The idea of Site Reliability Engineering, or “SRE”, fits better in this view of what DevOps is. SRE-think is not focused on pulling developers into a unified team with sysadmins. Instead, the goal is to get sysadmins to start thinking like programmers, actually writing code and developing systems for production use. Sysadmins are no longer responsible for just running what developers give them.

Sure, they spend time troubleshooting production problems like a classic sysadmin would, but once the hair-on-fires are extinguished, the immediate question is: “OK, how can we change our platform to automate all this ops toil?” The idea, as Underwood put it, is to: “Write infrastructure that doesn’t require that kind of procedural automation.”

Technologically, the re-emergence of platforms as a service (PaaS) and the growing dominance of Kubernetes for management are automating much of the manual, one-off processes of DevOps. (You should know, dear reader, that I pay my mortgage by working at one of the vendors that peddles such kit.)

The end result is enabling developers to focus on their applications, not actually carrying a pager or worrying about whatever a “DNS” is. As Allstate’s Matt Curry described it to me: “The goal is to eliminate cognitive overhead for the developers and keep their pipelines as simple as possible. They should get a ton of operational value for free just by pushing to an environment, be it monitoring, release process, security scanning, architecture patterns, or anything else that is repetitive and fairly consistent between deployments.” Similarly, good SRE staff take a code-first approach to solving problems and make operating production as simple as possible.

Who’s SRE’ing my résumé updates?

Does this mean we can start using all those DevOps books as kindling? Well, hardly. Doing software well has always passed through many names, but the general end goals have remained the same. We can all agree with a sentiment put well by Microsoft principal cloud developer advocate Bridget Kromhout: if DevOps means “good, tool-enhanced cross-team collaboration. I sure hope that never goes away.”

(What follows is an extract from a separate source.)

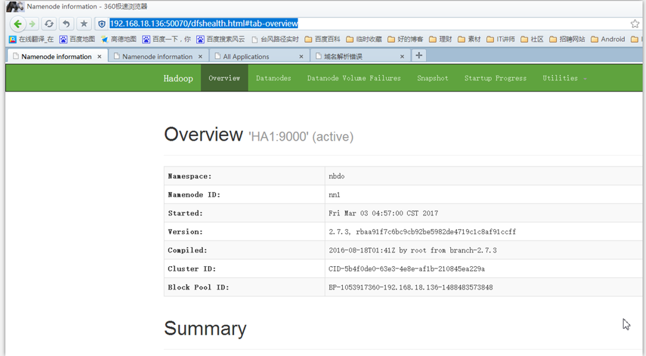 | HA10 | JDK,zookeeper,hadoop | JournalNode、QuorumPeerMain,zkfc状态值,yarn的ha状态值 |
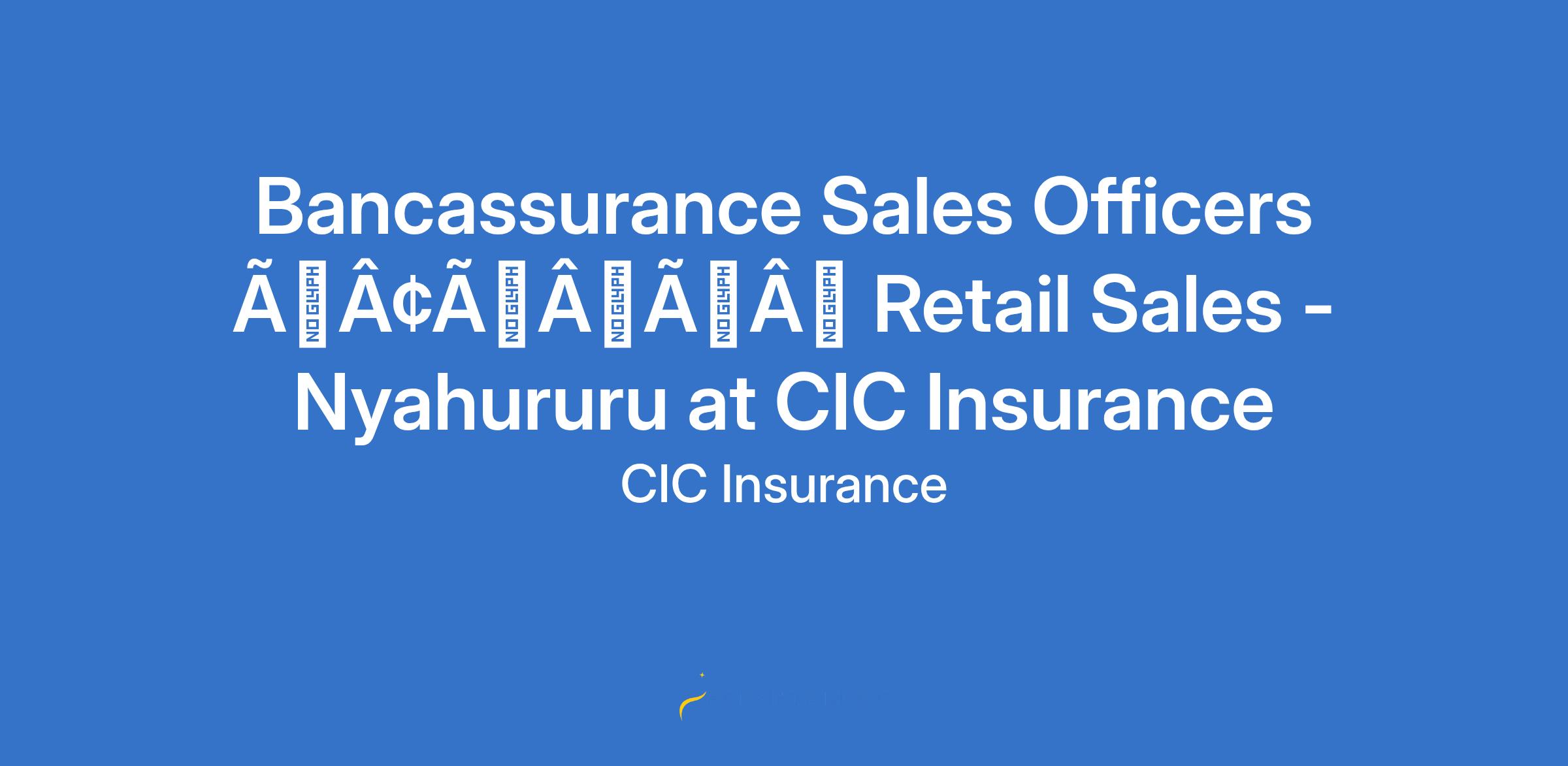 Bancassurance Sales Officers âÃÂàRetail Sales - Nyahururu at CIC Insurance

DevOps is “a cross-team practice, not a task,” she adds. “SRE is the new Ops Engineer, but DevOps shouldn’t have been considered to be a job in the first place. We don’t hire a collaboration expert to do all the collaborating.”

The organization treating development and operations as all part of the same concern – creating and running good software – shouldn’t be lost. The DevOps practices of being more humane in working with people seem, well, humane and pragmatic. Most importantly, the emphasis on continuous improvement and the injection of lean thinking have helped lead to huge improvements in organization I talk with. As someone who’s always complaining about how boring the “cultural” aspects of DevOps are, they’ll probably be the most long-lasting, important precepts.

There may be a few stick-in-the-muds who get all roiled at the idea of DevOps shifting around, even “dying” if you’re the kind of person who likes that hyperbole (why are you looking at me?). Clearly, “DevOps” is evolving as it spreads into mainstream organizations and as newer technologies automate what were once manual practices and disparate tools. That doesn’t mean the core goals and “culture” zoom away. Just as with “serverless“, you’re supposed to take the idea seriously, not literally.

So, if you buy all that, consider this some 2018 career advice: it’s time to go update your résumé and say you’ve been doing “SRE” this whole time, but just not calling it that.